In order to investigate the lack of difference (at the 60 and 120 ms Lead interval) between pretest and posttest in the mindfulness group we did a Bayesian Repeated Measures ANOVA. The interaction of Group by Lead interval by Phase, which included only the 60 and 120 ms Lead interval, revealed that the null hypothesis was 2.96 times more likely than the alternative hypothesis (BF excl = 2.96). Comparing the models the results showed that the null model was approximately five times more likely than any other model (BF m = 4.89).

Subjective Data

Tone Count

There was a main effect of Phase in the number of tones reported after the pretest or the posttest [F(1, 35) = 10.43, p < 0.01, ηp2 = 0.23], where the participants reported more tones in the posttest. There was no main effect of group, and no interaction of group by phase.

Tone Estimation

When tone count was re-calculated to a percent score of correct estimations (where 15 tones was 100%, and, e.g., 14 and 16 tones was 93.3%) there was a main effect of phase [F(1, 35) = 10.43, p < 0.01, ηp2 = 0.23], where the participants reported more correct number of tones in the posttest. There was no main effect of group, and no interaction of group by phase.

Concentration

There were no significant main effects or interactions in reported concentration.

Effectiveness

There was no significant main effects or interactions in reported effectiveness.

Discussion

The main finding in the present study was the increased startle at the 2,000 ms lead interval in the mindfulness group after the mindfulness instruction compared to before the instruction. This increased prepulse facilitation effect was not evident in the control group who had listened to calm classical music. There was no difference at the shorter lead intervals and, hence, no difference in prepulse inhibition following the manipulation. As such, this experiment showed that a short mindfulness manipulation increases prepulse facilitation but not prepulse inhibition.

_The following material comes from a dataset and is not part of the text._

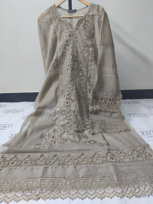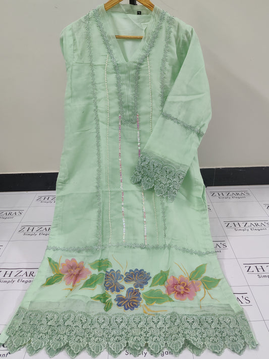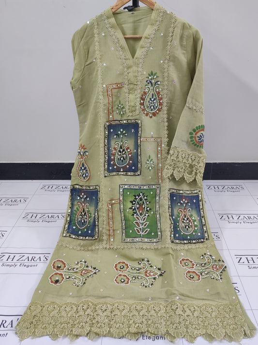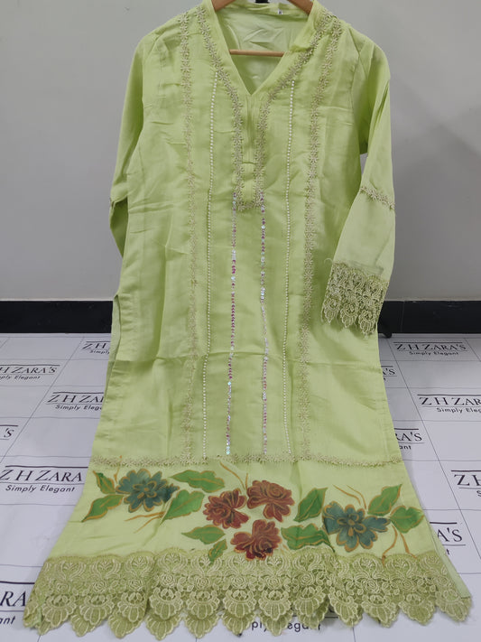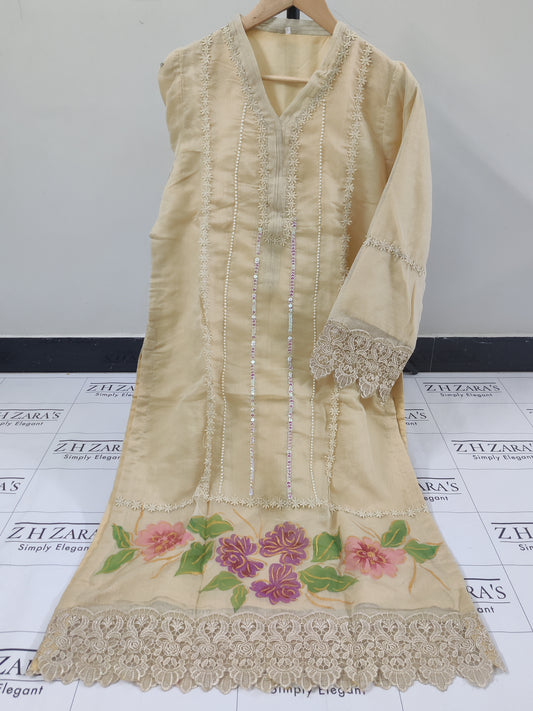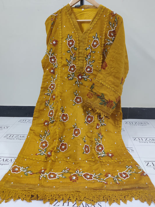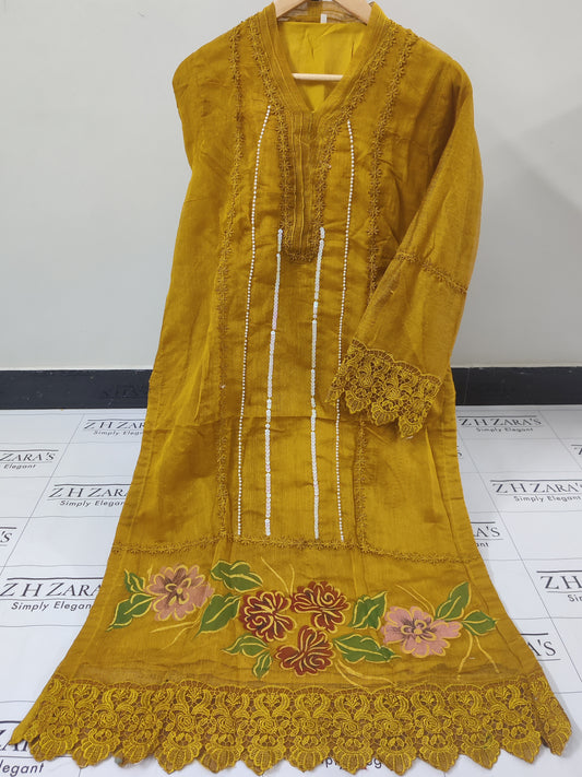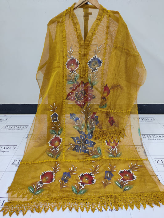 Mustard Hand Embellished Hand Painted Cutwork 2pc

Jha et al. (2007) found mindfulness-based stress reduction to improve concentrative attention. Concentrative attention is linked to the ability to focus attention on one object such as the breath. In the present study, the participants were asked to count the number of prepulses, thereby focusing attention on one object. Hence, increased focus on the prepulse was expected to increase prepulse facilitation. This is in line with the idea that prepulse facilitation is an index of the attentional ability of orienting.

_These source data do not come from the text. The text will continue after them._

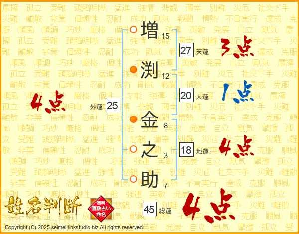増(15画)渕(12画) 金(8画)之(3画)助(7画)
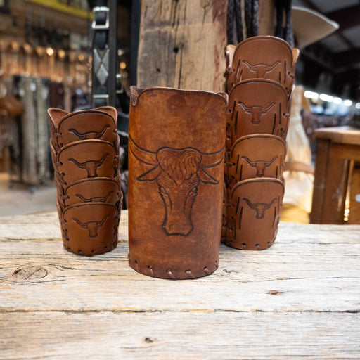 View full detailsLeather Glass Cover Set with Carved Longhorn Steer
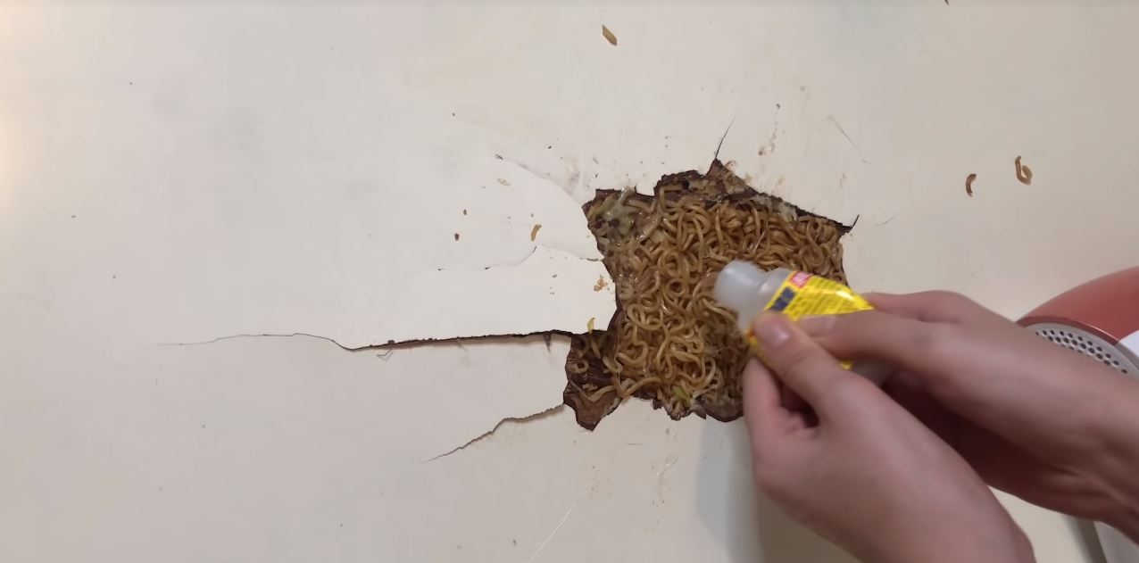 「美麗妄娜」用泡麵補丁桌子!沒有缺洞「先用斧頭把桌子打爆」找到天份:不用當Youtuber了

There was no effect of mindfulness on prepulse inhibition, and the Bayesian analysis showed that the null hypothesis was about three times more likely than the alternative. There are several possible explanations of this. For one, it could be that PPI is not linked to an attentive process improved by mindfulness training. Second, it could be that the short instruction utilized in the present study was not sufficient for an effect on PPI to manifest. Third, if PPI is related to the attentional skill alerting, one may expect that MT would increase PPI, but only in higher amounts of training, or in expert practitioners. This proposition should be investigated further in future research. A study by Kumari et al. (2015) examined differences in PPI among non-meditators and meditators with several years of experience. They found that meditators showed better performance on attentional tasks despite similar attentional modulation of PPI. This may indicate a stronger attentional capacity, but the authors hypothesized that this concerns more conscious processes of attention than those involving prepulse inhibition.

There were no differences between the two groups on any measures of subjective attention. Both groups performed similarly on tone counting and reported similar levels of concentration and effectiveness. This could point toward a limited effect of the manipulation, and the fact that the mindfulness group did not perform any better on tone counting limits the weight of the results. However, it may also be that the tone-counting task was not sensitive enough to pick up on any difference in attention.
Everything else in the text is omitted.